Before going any further, the `Ensemble` is built on top of `Dask`, which brings with it a powerful framework for parallelization and scalability. However, there are some differences in how `Dask` code works that, if you're unfamiliar with it, is worth establishing right here at the get-go. The first is that `Dask` evaluates code "lazily". Meaning that many operations are not executed when the line of code is run, but instead are added to a scheduler to be executed when the result is actually needed.
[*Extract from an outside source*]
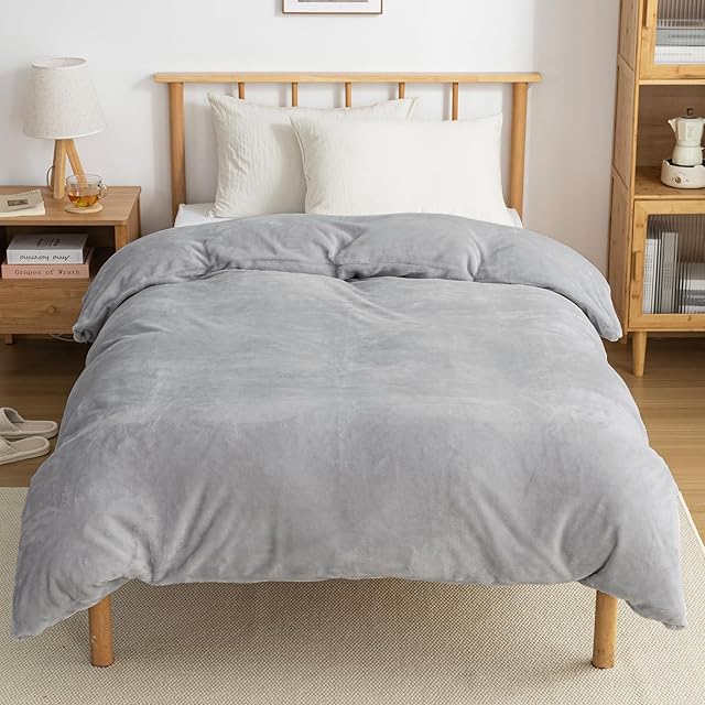 VK Living 掛け布団カバー 冬 シングル あったか フランネル 布団カバー 【SUPER HOT】毛布にもなる2WAY仕様 抗菌防臭 掛けカバー 全開ファスナー 8ヶ所ループ付き 150×210cm グレー

See below for an example:

In [2]:
ens._data  # We have not actually loaded any data into memory

Unnamed: 0_level_0,midPointTai,psFlux,psFluxErr,filterName
npartitions=1,Unnamed: 1_level_1,Unnamed: 2_level_1,Unnamed: 3_level_1,Unnamed: 4_level_1
,float32,float32,float32,object
,...,...,...,...


Here we are accessing the Dask Dataframe underneath, and despite running a command to read in our data, we only see an empty dataframe with some high-level information available. To explicitly bring the data into memory, we must run a `compute()` command.

In [3]:
ens.compute() # Compute lets dask know we're ready to bring the data into memory

Unnamed: 0_level_0,midPointTai,psFlux,psFluxErr,filterName
ps1_objid,Unnamed: 1_level_1,Unnamed: 2_level_1,Unnamed: 3_level_1,Unnamed: 4_level_1
88472468910699998,58972.382812,21.035807,0.199991,r
88472935274829959,58246.460938,18.149910,0.026191,r
88472935274829959,58249.441406,18.269829,0.028149,r
88472935274829959,58256.421875,18.243782,0.027706,r
88472935274829959,58259.445312,18.198299,0.026956,r
...,...,...,...,...
88480001353815785,59128.257812,18.197432,0.038719,r
88480001353815785,59130.257812,18.155918,0.037670,r
88480001353815785,59134.300781,18.168980,0.037996,r
88480001353815785,59136.300781,18.125595,0.036927,r


With this compute, we see above that we now have a populated dataframe (a Pandas dataframe in fact!). From this, many workflows in Dask and by extension lsstseries, will look like a series of lazily evaluated commands that are chained together and then executed with a .compute() call at the end of the workflow.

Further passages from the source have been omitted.